___Since pressure cookers have been used by terrorists to build the bombs detonated in Boston and NYC, will cooks now be placed on a Do-Not-Fry List?
Monday, September 19, 2016
Will There be a Do-Not-Fry List?
Wednesday, September 7, 2016
Central Control vs Free Market
___The Department of Commerce has centralized business and financial data. There is an obvious partisan bias on released data. Unemployment of 4.9% should indicate a boom, but labor participation is at a 40-year low, and the GDP growth is around 1%. Under Truman it was over 5%. The 1920s under Coolidge were named “roaring” for good reason. Businesses were allowed to prosper and hire with little restraint.
___Under Carter energy and education policy were consolidated under the two new DOEs. How have they performed?
___The Department of Energy forbid the export of oil. Utility customers were illegally taxed (a "fee" so House would not have to initiate it) to pay for Yucca Mountain in Nevada. After about $15 Billion was spent in Nevada on construction and wages, the Governor and President reneged on the agreement and nuclear waste had to remain stored at more than 100 individual facilities.
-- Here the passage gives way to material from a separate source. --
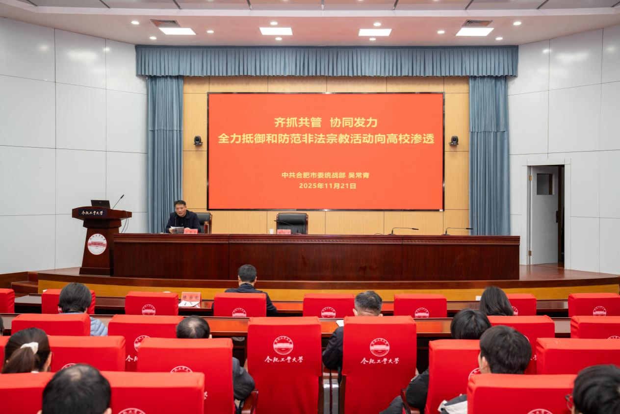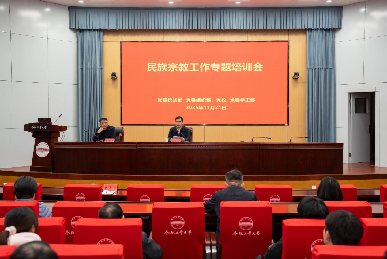 为深入学习贯彻习近平总书记关于加强和改进民族工作的重要思想、关于宗教工作的重要论述和重要指示批示精神,立足大统战工作格局,进一步贯彻落实《党委(党组)落实统战工作责任制规定》,提升学校统一战线工作队伍做好民族宗教工作的能力水平,11月21日,学校举办2025年民族宗教工作专题培训会。中共合肥市委统战部、市民宗局局长吴常青受邀来校作专题报告。校党委常委、统战部部长徐宝才主持专题培训会。

___The Department of Education oversaw the destruction of a good system of public education while destroying exceptional private schools. It illegally became one of the largest banks in the world with over $1.4 Trillion in student loans. Taxpayers will now have to pay the bill for the mismanagement. Common Core, owned by the Gates Foundation and exempt from FOIA, has been implemented by threatened withholding of “federal funds” and is partly responsible for the nation's poor performance against our foreign competitors. The Feds now want control over young minds from pre-school through college all paid for by apathetic, gullible taxpayers. College majors in race and gender history will hardly prepare students for a real world. The MIT professor said we were stupid to believe the lies about Obamacare. I didn't, but he may be right about many.
___History teaches that Adam Smith was correct, and Karl Marx (USSR), John M. Keynes (U.K.) and Paul Krugman were not. If we ignore history, then we will repeat the mistakes.